John T. Pawlikowski, O.S.M., "The Catholic Response to the Holocaust," in Michael Berenbaum and Abraham J. Peck, eds., The Holocaust and History: The Known, the Unknown, the Disputed, and the Reexamined, Bloomington: Indiana University Press, 1998, pp. 551-565
Abstract by Jerry Darring
In the preface to his article, Pawlikowski says that 1) our examination of institutional Catholicism should include not only Pius XII but also church bodies and leaders in the various countries in Europe; 2) we cannot assume that we would have acted more responsibly than them; 3) we should analyze each country's response rather than generalize about the Vatican or overall Catholic responses; and 4) the church should welcome critical scrutiny of its activities during the Nazi era.

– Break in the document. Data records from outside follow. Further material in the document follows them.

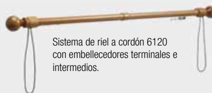
Sistema de riel a cordón 6120 con embellecedores terminales e intermedios.

Sistema de riel a cordón 6120 con diferentes embellecedores terminales que encontrará en las páginas siguientes.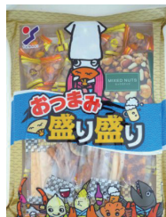
おつまみ盛り盛り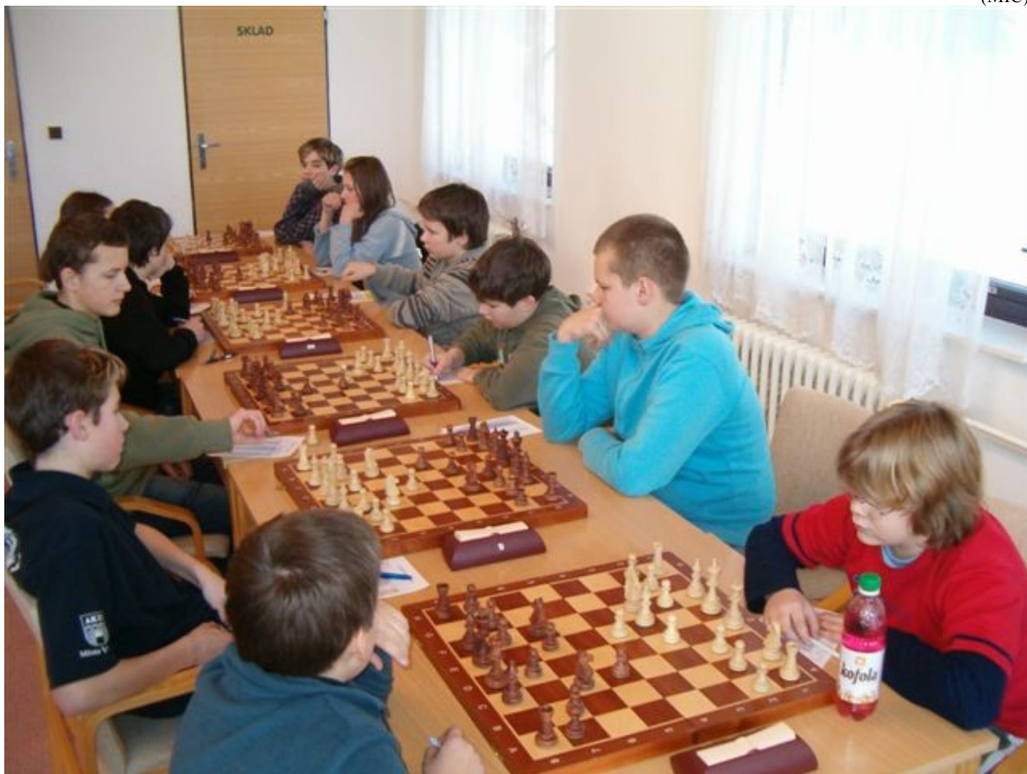
178 Náměšť v zápase 1. ligy s Vlašimí

Pawlikowski begins by outlining the thesis of Fr. Robert Graham, S.J., that Pius XII must be judged a "great humanitarian." According to Graham, Pius XII was in constant communication with Jewish leaders. He intervened strenuously but with varying degrees of success, on behalf of Jews in Slovakia, Rome and Hungary. Graham considered Hungary a prime example of "active Vatican commitment for the safety of the Jewish community" (p. 554). Pawlikowski criticizes Graham, first of all, because of his polemical stance defending Pius XII and his neglect of important questions. Graham, for example, never asks if Vatican interventions were sporadic or a long-term policy. He implies that Vatican efforts were as strenuous early on as they were towards the end of the war, and that the Vatican collaborated with Jewish organizations throughout the period of the war. And Graham never questions the Vatican view of the church and its defense of the established social order.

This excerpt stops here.